### Problem to work on
Leaving out the images, return the data below exactly as it is written.

### Information provided
————

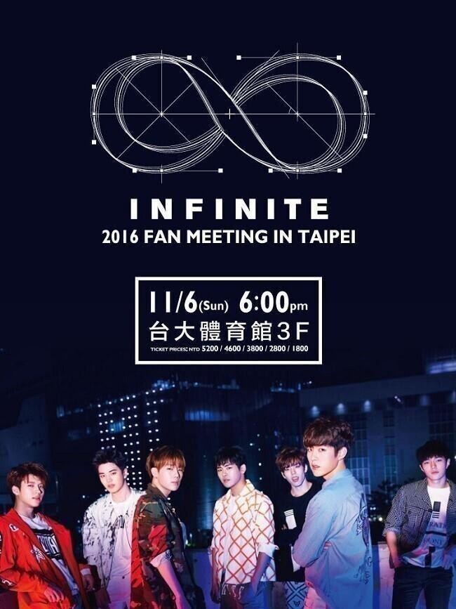 INFINITE 台灣粉絲見面會 2016, 演出日期: 2016年11月6日 (星期日), 門票價錢: NT$ 5200 / 4600 / 3800 / 2800 / 1800, 演出場館: 台北小巨蛋, 全面開賣: 2016年9月17日09:00起
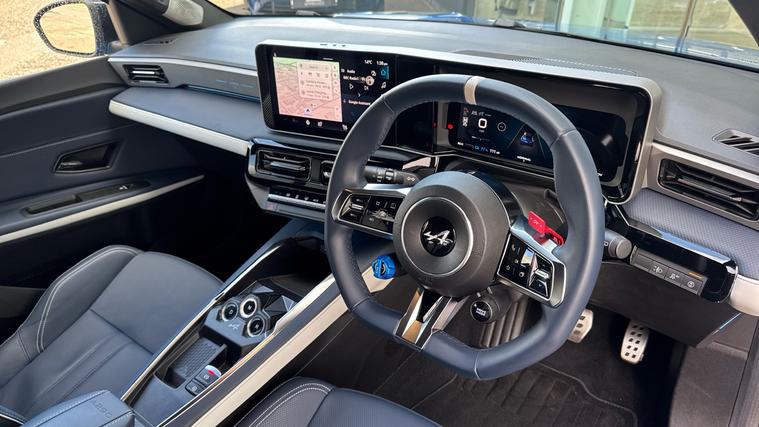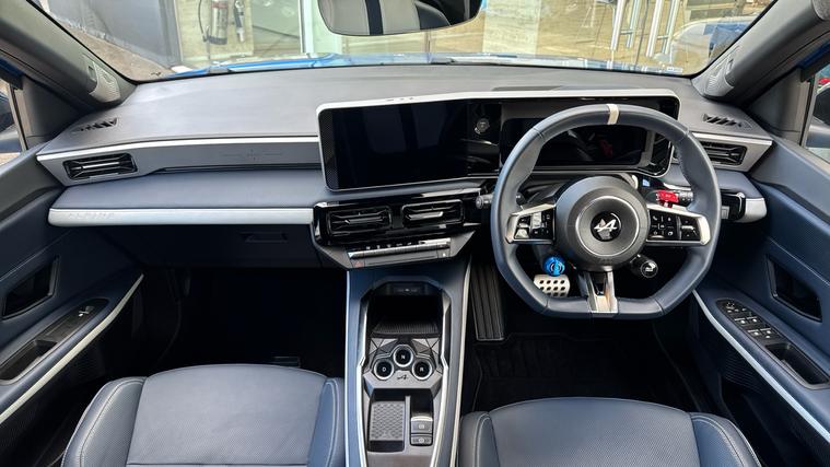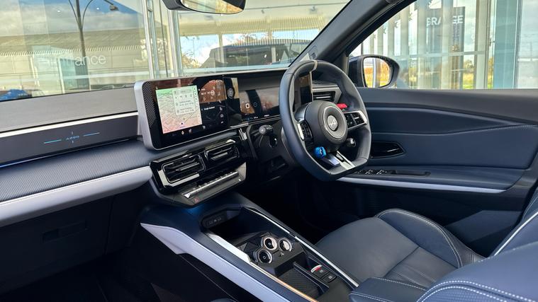 Ex Demonstartor available for immediate delivery saving 3000 pounds on cost new. Finished in Alpine Vision Blue with Contrast Black Roof Alpine Grey Blue Nappa Leather sports seats 19 inch Gloss Black Snowflake style alloys Devialet Sound sytem Rouge brake callipers Google multimedia Heated steering wheel Heated seats High beam assist.
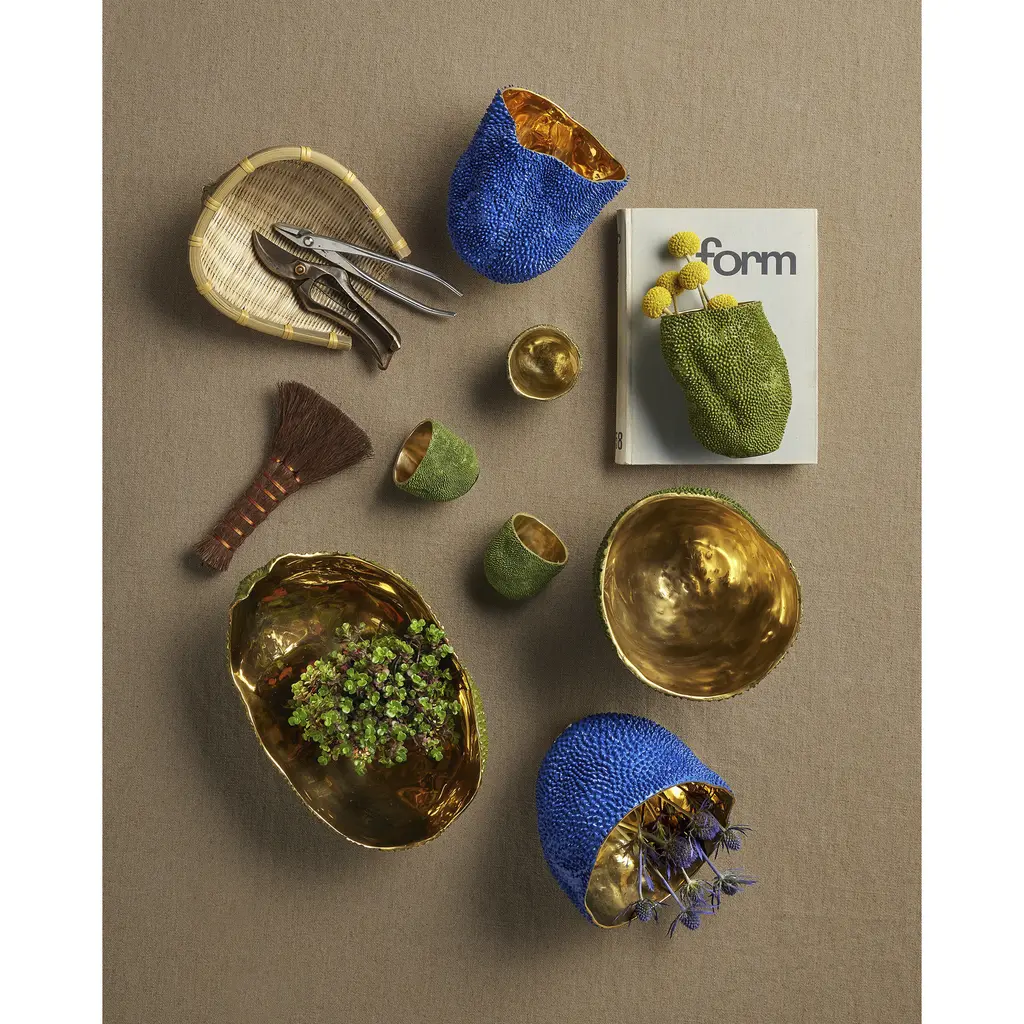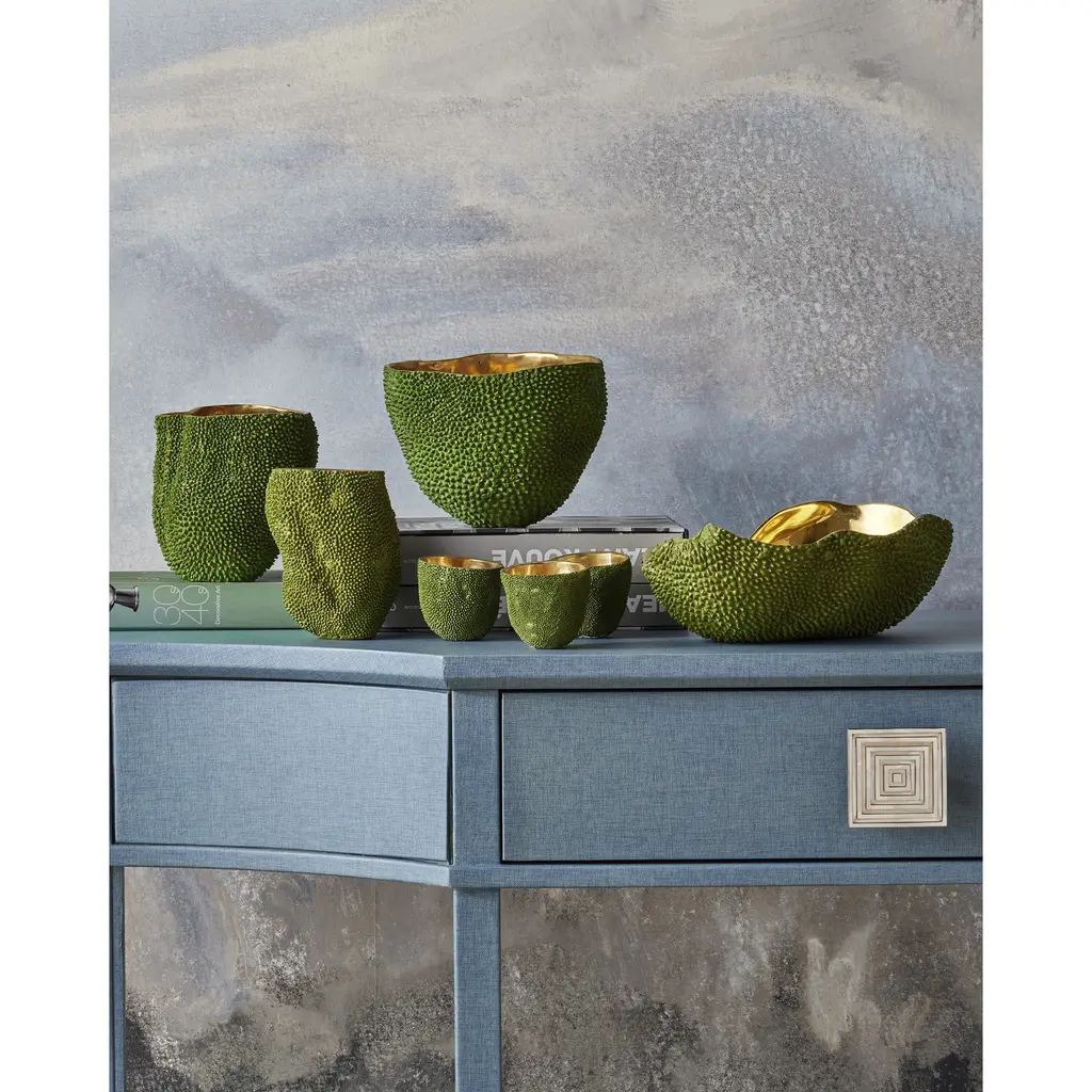 The Jackfruit decorative vessels include the Jackfruit Green Oval Bowl that is made from a lost-wax process so it reads as if it is covered in the skin of the jackfruit. The inside of each bronze bowl is a brilliant gold made of polished solid bronze, which will need to be cleaned from time to time to maintain its sheen. The green decorative vessel is water tight so it will not leak.
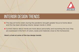Interior design trends in 2022 emphasize personal expression and comfort, influenced by the stay-at-home orders during the pandemic. Key trends include biophilic décor that incorporates natural elements, a shift toward green hues, the use of vintage furniture alongside contemporary styles, and a focus on sustainability by prioritizing local shopping. Overall, these trends reflect a desire for spaces that nourish the soul and are environmentally conscious.

————

### Exercise output
 INFINITE 台灣粉絲見面會 2016, 演出日期: 2016年11月6日 (星期日), 門票價錢: NT$ 5200 / 4600 / 3800 / 2800 / 1800, 演出場館: 台北小巨蛋, 全面開賣: 2016年9月17日09:00起
 Ex Demonstartor available for immediate delivery saving 3000 pounds on cost new. Finished in Alpine Vision Blue with Contrast Black Roof Alpine Grey Blue Nappa Leather sports seats 19 inch Gloss Black Snowflake style alloys Devialet Sound sytem Rouge brake callipers Google multimedia Heated steering wheel Heated seats High beam assist.
 The Jackfruit decorative vessels include the Jackfruit Green Oval Bowl that is made from a lost-wax process so it reads as if it is covered in the skin of the jackfruit. The inside of each bronze bowl is a brilliant gold made of polished solid bronze, which will need to be cleaned from time to time to maintain its sheen. The green decorative vessel is water tight so it will not leak.
Interior design trends in 2022 emphasize personal expression and comfort, influenced by the stay-at-home orders during the pandemic. Key trends include biophilic décor that incorporates natural elements, a shift toward green hues, the use of vintage furniture alongside contemporary styles, and a focus on sustainability by prioritizing local shopping. Overall, these trends reflect a desire for spaces that nourish the soul and are environmentally conscious.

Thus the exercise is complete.